In it, the artist combined vaguely transparent marine-blue boomerangs that seem bound for a midair capriccio, but turn inward instead. The shapes are so simple that it is difficult to avoid trying to define them: Are they inspired by photos of the polar collar on Venus? Will they reconcile like horseshoe magnets? Or simply shiver endlessly in a sea of borrowed nostalgia (grand piano cases done up in French nautical stripes, vintage postage stamps from the Cote d’Azur, the decorative graphics of sailing insignia)?

    Like a snatch of melody, the painting momentarily offers a flight of imagination that stills chatter and fluttering thoughts.

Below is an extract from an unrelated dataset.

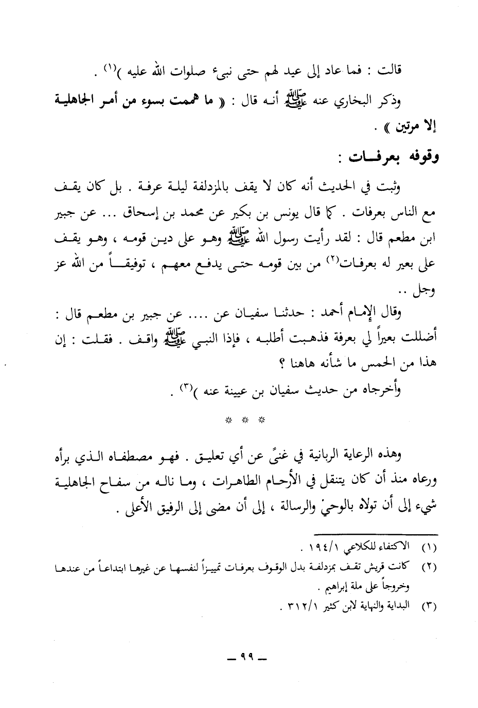 وثبت في الحديث أنه كان لا يقف بالمزدلفة ليلة عرفة. بل كان يقف مع الناس بعرفات. كما قال يونس بن بكير عن محمد بن إسحاق ... عن جبير ابن مطعم قال: لقد رأيت رسول الله - صلى الله عليه وسلم - وهو على دين قومه، وهو يقف على بعير له بعرفات (¬2) من بين قومه حتى يدفع معهم، توفيقا من الله عز وجل ..

    Mr. Fonseca says his narrative-defying style partly stems from a natural gift for languages. In addition to English, he speaks French, Italian, and Spanish, but says that to him these are just sounds like any other. “Bread is a word,” he said cryptically, by way of explanation. “It’s just a sound.” (Although he makes an exception for the language one’s mother spoke. That language, he said, is much more primal, and emotionally charged.)

    Five years ago, Mr. Fonseca’s hard work allowed him to construct a studio on the family compound on Route 114 in East Hampton. In the 1950s Jacob Kaplan, Mrs. Fonseca’s father, had purchased 165 acres between the turnpike and Long Lane from Judge Samuel Seabury, for $21,000, after a fire destroyed the Kaplans’ house on Tides Turn Lane, off Lily Pond Lane. The main house on the former Seabury property, and four acres of land, were donated in 1999 to the Nature Conservancy by the Kaplan Trust and now serve as its Long Island headquarters.

    “It’s spartan,” Mr. Fonseca said of his studio. “But I enjoy empty space as a possession. When I was 14, I got every type of watch, stopwatch, and camera — it was almost insane — and since then I haven’t liked stuff. I wait for things to come to me.”

    Mr. Fonseca’s presence on the East End this summer is thanks to the marriage of a friend’s daughter, whose nuptials will take place at his studio. “I knew I’d be out here,” he said. “I thought I’d like to have a show, and see some of my old friends — so I called the Drawing Room gallery. I asked if they might be interested in showing my work, and we hit it off. I’m looking forward to it, seeing my mother, my sisters, Quina and Isabel, my cousins, my nephews and nieces. Then I plan to work there through October for a show opening at Ben Brown in London in January.”

    He spends time on the East End during the off-season, and he avoids weekends whenever possible. “I’m able to work for long uninterrupted periods of time. And sometimes, after spending my childhood summers in East Hampton, I get momentary Proustian memory sensations.”